ClickHouse vs Neon
ClickHouse MCP and Neon MCP are both SQL databases, but the similarity stops at the query language. ClickHouse is a columnar OLAP engine optimized for read-heavy analytics: its MCP server exposes exactly four tools: list_databases, list_tables, run_select_query, and run_chdb_select_query. Neon is a serverless Postgres platform built for transactional workloads and developer iteration: its server exposes over 25 tools covering run_sql, run_sql_transaction, prepare_database_migration, complete_database_migration, prepare_query_tuning, complete_query_tuning, explain_sql_statement, list_slow_queries, full branch lifecycle management, project and organization administration, Neon Auth provisioning, and documentation retrieval. The surface asymmetry reflects a genuine difference in purpose: ClickHouse guards a production warehouse from accidental writes; Neon drives a full development and deployment lifecycle.
How they compare
| Dimension | ClickHouse | Neon |
|---|---|---|
| Query engine and workload | Columnar OLAP: append-oriented storage that excels at aggregations over billions of rows. run_select_query executes inside a read-only session by default. | Transactional Postgres: row-oriented tables suited for application CRUD and relational workloads. run_sql and run_sql_transaction support both reads and writes. |
| Tool surface | Four tools: enumerate databases and tables, run SELECT queries against the cluster, and optionally query local files via run_chdb_select_query with the embedded chDB engine. | Over 25 tools: SQL execution, migrations, query tuning, slow-query detection, branch lifecycle, project and org management, connection strings, Neon Auth, Data API, and documentation search. |
| Safe iteration on changes | Read-only by design: no migration or branch tooling. Write access requires explicitly setting CLICKHOUSE_ALLOW_WRITE_ACCESS; the server has no mechanism to test a change before applying it. | Branch-first safety: prepare_database_migration applies a migration to a temporary branch; complete_database_migration promotes it only after the agent has verified the result. prepare_query_tuning does the same for performance changes. |
| Local file and embedded querying | run_chdb_select_query lets the agent query local Parquet or CSV files through ClickHouse's embedded chDB engine, without a server round trip. | No embedded engine: all queries target a Neon Postgres database accessed over a connection string. |
| Best-fit task | Analytics exploration: an agent lists tables, runs aggregation SELECTs to answer business questions, and optionally prototypes analysis on local files before loading to the cluster. | Application database development: an agent migrates schemas safely on branches, tunes slow queries, spins up throwaway projects, and provisions auth infrastructure. |
Verdict
ClickHouse MCP and Neon MCP are not interchangeable: one is a read-focused analytics gateway and the other is a full application-database control plane. Choose ClickHouse MCP when the job is answering questions against a high-volume columnar warehouse and write safety is the top priority. Choose Neon MCP when the job is developing or operating a Postgres-backed application, especially when schema changes need to be validated on a branch before they reach production. The four-tool surface of ClickHouse is a deliberate constraint; the 25-plus-tool surface of Neon is a deliberate investment in developer lifecycle.
FAQ
- Can ClickHouse MCP run schema migrations?

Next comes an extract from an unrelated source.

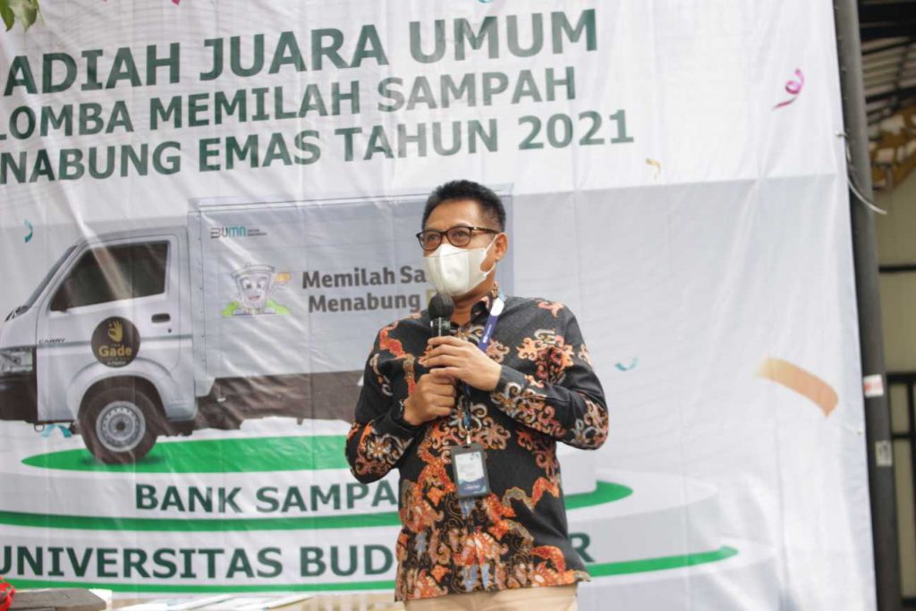 lomba yang bertema “Memilah Sampah Menabung Emas”. Lomba tersebut dilaksanakan pada 3 Juli – 24 Juli 2021 yang lalu diikuti 70 Bank Sampah Binaan Pegadaian di seluruh Indonesia. Universitas BUDI LUHUR menerima 3 penghargaan sekaligus. Acara penerimaan hadiah berlangsung pada Rabu 23 September 2021 di halaman Universitas BUDI LUHUR. Hakim Setiawan selaku Pemimpin Wilayah Kanwil IX Jakarta PT. Pengadaian Persero sebagai Pihak Penyelengara mengucapkan banyak terimakasih atas inisiasi lomba ini karena lomba ini merupakan lomba yang sanggat bermanfaat bagi masyarakat tentunya dan juga Universitas BUDI LUHUR karena punya misi yaitu Peduli pada Pelestarian Lingkungan dan juga sejalan dengan Masyarakat. Topiknya cocok dengan visi & misi Universtas Budi Luhur sanggat Bersemanggat untuk ikut dan aktif, dengan lomba ini dengan dukungan PT. Pengadaain Persero hal ini bisa terealisasi dan merupakan salah satu dari kegiatan yang sudah kita rintis cukup lama sekitar 3 tahun lebih karena PT. Pengadaian Persero sanggat konsen dengan kegiatan seperti ini, ujarnya.

- No. ClickHouse MCP has no migration tooling; run_select_query executes SELECTs in a read-only session by default. Writes require environment flags and there is no branch-before-promote safeguard. For safe schema iteration, Neon MCP's prepare_database_migration and complete_database_migration workflow is the right fit.
- Can Neon MCP query local Parquet or CSV files?
- No. Neon MCP connects to Postgres databases hosted on the Neon platform and does not include an embedded engine for local file querying. ClickHouse MCP's run_chdb_select_query, when chDB is enabled, lets an agent query Parquet or CSV files directly without loading them into a cluster.